İBB’nin İstanbul’a yeniden kazandırdığı kültürel değerler arasında, 2024 yılında kapılarını tekrar halka açan Bulgur Palas, bugün kütüphanesi, çok amaçlı sergi ve etkinlik salonları, sosyal mekanları ve seyir terasıyla her gün (Pazartesi hariç 10.00-19.00; kütüphane 22.00’ye kadar) ücretsiz hizmet veriyor. Tarihi Yarımada’nın en keyifli manzaralarından birini sunan bu yapı, geçmişin estetik ve teknik mirasını koruyarak, günümüzün kültür-sanat dinamiklerine başarıyla entegre edilmiş sürdürülebilir bir “dönüşüm” örneği olarak öne çıkıyor.
Akdamar Kilisesi

Nerede? | Van |
Orijinal Tarih | 10. yy |
Restorasyon Tarihi | 2006 |
Van Gölü’nün tam ortasındaki Akdamar Adası’nda, 10. yüzyılda Bagratuni Krallığı döneminde inşa edilen Surp Haç Kilisesi, figürlü kabartmaları ile Ortaçağ Ermeni sanatının en seçkin örneklerinden. 1951’de yükselen su seviyesiyle tarihin karanlık sayfalarında hapsolan kilise, yıkılma emriyle yüz yüze kalırken Yaşar Kemal’in müdahalesiyle kurtarılıyor ve uzun yıllar bakımsız kaldıktan sonra 2005-2006 yıllarında başlatılan restorasyon projesi ile ilk günkü haline ulaşıyor.

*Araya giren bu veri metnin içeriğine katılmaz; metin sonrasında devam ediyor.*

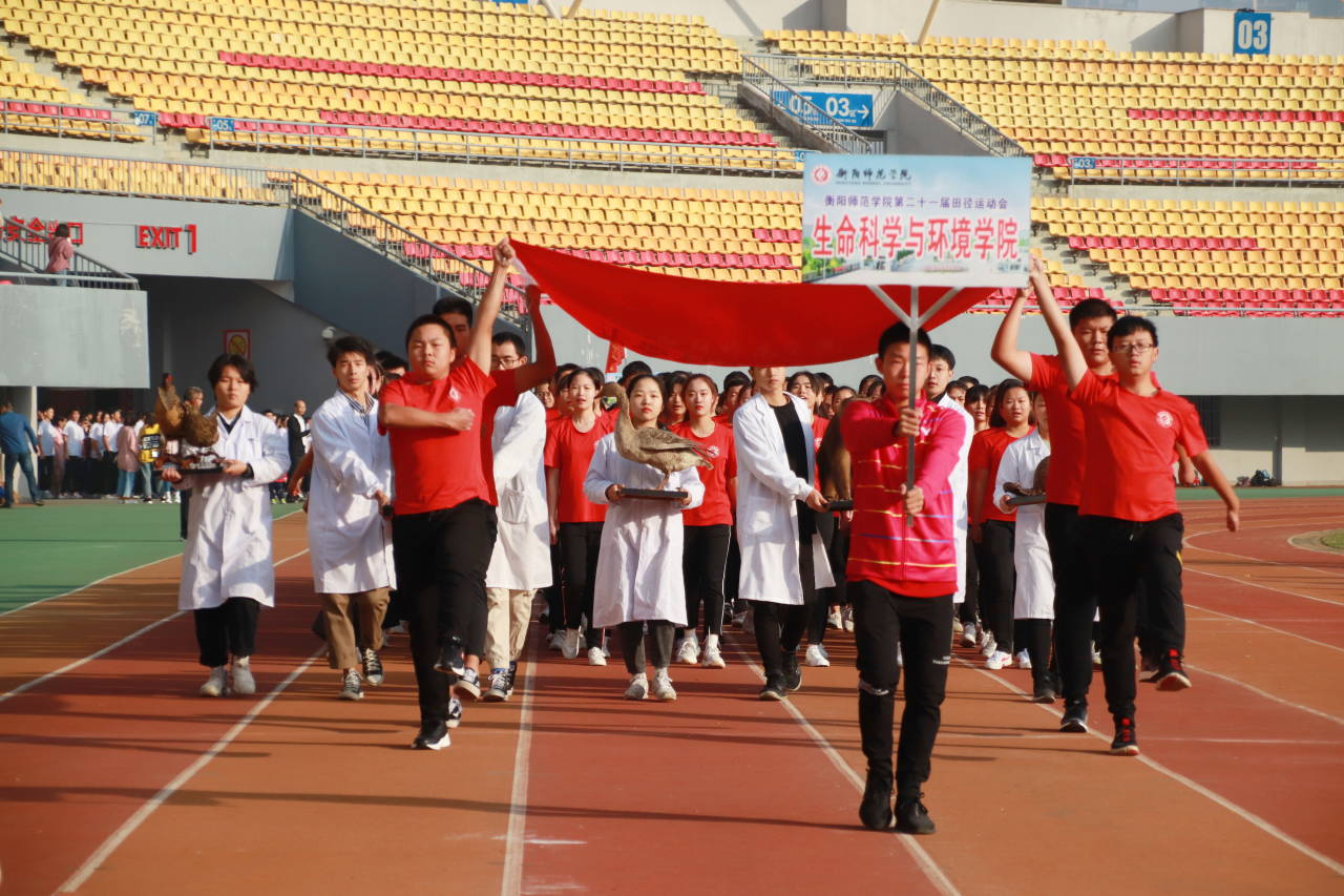 上午八时三十分,伴着激昂的进行曲,国旗方队、校旗方队、裁判员方队、学校23个分工会方阵队等依次出场。观众席上不时响起为各个方阵鼓掌加油的声音。朝气蓬勃的队员们在运动场上踏着整齐的步伐迈入操场。公司方阵队身着红黑二色服装迈着整齐划一的步伐,在运动场上激扬喊出“攻无不克,战无不胜,生环学子,更上层楼”的口号,用青春点燃生命之火,用热血绽放环境之光。在院旗队伍后面,几名员工身着白色实验服托举着棕熊、狼、穿山甲等珍贵动物标本从主席台前走过,一个个标本展示着生环学院探索生物奥秘的神奇力量。

Günümüzde Akdamar Kilisesi olarak bilinen yapı, Türkiye’deki başarılı restorasyon örnekleri arasında yer alırken Türkiye-Ermenistan ilişkilerini geliştirme konusunda da büyük bir adım sayılıyor.
- Adadaki korunmuş bazalt blokların ve erozyona uğramış taş elemanların rölövesi ile başlıyor; arşiv fotoğrafları, Osmanlı dönemine ait gravürler ve taş yazıtlar yardımıyla kilisenin orijinal planı yeniden kurgulanıyor.
- Aşınmış bloklar, aynı kaynağın bazaltıyla tamamlanıyor ve figürlü kabartmalar 3B tarama ve CNC destekli işçilikle çoğaltılıyor; iç yüzeydeki freskler temizlenerek tekrar özgün renk ve dokusuna kavuşuyor.
- Çevresel sürdürülebilirlik adına, göl seviyesi değişimlerini dengeleyen drenaj kanalları inşa ediliyor, çatı yerel iklime uygun tekrar örülüyor.
Kıyıdan teknelerle ulaşımı sağlanan Akdamar Kilisesi, kapsamlı bir restorasyon çalışması sonucunda 2007 yılında Türk ve Ermeni heyetlerin katılımıyla açılışı yapılıyor. Günümüzde burası yalnızca bir ibadet merkezi değil, kültürel uzlaşmaya, ekoturizme ve genç nesillere tarih bilinci aşılayan bir restorasyon projesi.